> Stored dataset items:

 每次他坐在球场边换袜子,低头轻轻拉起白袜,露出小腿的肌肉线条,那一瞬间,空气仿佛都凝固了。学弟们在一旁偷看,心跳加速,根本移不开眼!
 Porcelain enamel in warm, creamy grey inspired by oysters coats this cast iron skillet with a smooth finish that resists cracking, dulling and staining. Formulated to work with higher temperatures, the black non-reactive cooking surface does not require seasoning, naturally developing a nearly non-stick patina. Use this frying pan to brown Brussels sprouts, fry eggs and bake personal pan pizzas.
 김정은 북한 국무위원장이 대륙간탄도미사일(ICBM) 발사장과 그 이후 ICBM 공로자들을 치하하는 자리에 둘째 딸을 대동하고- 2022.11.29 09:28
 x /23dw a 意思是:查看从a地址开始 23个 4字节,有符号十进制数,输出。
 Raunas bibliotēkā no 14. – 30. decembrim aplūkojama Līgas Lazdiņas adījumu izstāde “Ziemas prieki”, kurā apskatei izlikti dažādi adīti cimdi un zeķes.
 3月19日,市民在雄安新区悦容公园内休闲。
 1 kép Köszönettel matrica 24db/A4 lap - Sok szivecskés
==
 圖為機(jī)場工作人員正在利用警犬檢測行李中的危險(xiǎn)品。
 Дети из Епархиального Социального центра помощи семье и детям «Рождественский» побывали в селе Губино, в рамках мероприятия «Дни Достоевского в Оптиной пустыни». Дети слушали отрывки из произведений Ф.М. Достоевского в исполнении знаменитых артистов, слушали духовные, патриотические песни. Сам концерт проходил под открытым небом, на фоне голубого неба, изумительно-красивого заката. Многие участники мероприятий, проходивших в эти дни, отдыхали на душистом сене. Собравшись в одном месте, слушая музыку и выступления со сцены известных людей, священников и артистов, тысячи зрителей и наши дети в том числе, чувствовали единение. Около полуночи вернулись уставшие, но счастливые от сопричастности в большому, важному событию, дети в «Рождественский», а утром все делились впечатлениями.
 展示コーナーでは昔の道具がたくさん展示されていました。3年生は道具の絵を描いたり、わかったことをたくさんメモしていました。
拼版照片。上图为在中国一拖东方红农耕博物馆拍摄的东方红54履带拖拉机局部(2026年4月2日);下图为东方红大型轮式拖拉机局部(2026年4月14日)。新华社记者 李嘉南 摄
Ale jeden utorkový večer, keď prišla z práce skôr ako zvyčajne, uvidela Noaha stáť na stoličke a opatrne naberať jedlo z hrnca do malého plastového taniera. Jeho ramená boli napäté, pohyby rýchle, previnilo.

> Task: Please give back, exactly as it stands above, the stretch from the line with "3月19日,市民在雄安新区悦容公园内休闲。" through the line with "1 kép Köszönettel", and no line outside it.

> Answer space:
 3月19日,市民在雄安新区悦容公园内休闲。
 1 kép Köszönettel matrica 24db/A4 lap - Sok szivecskés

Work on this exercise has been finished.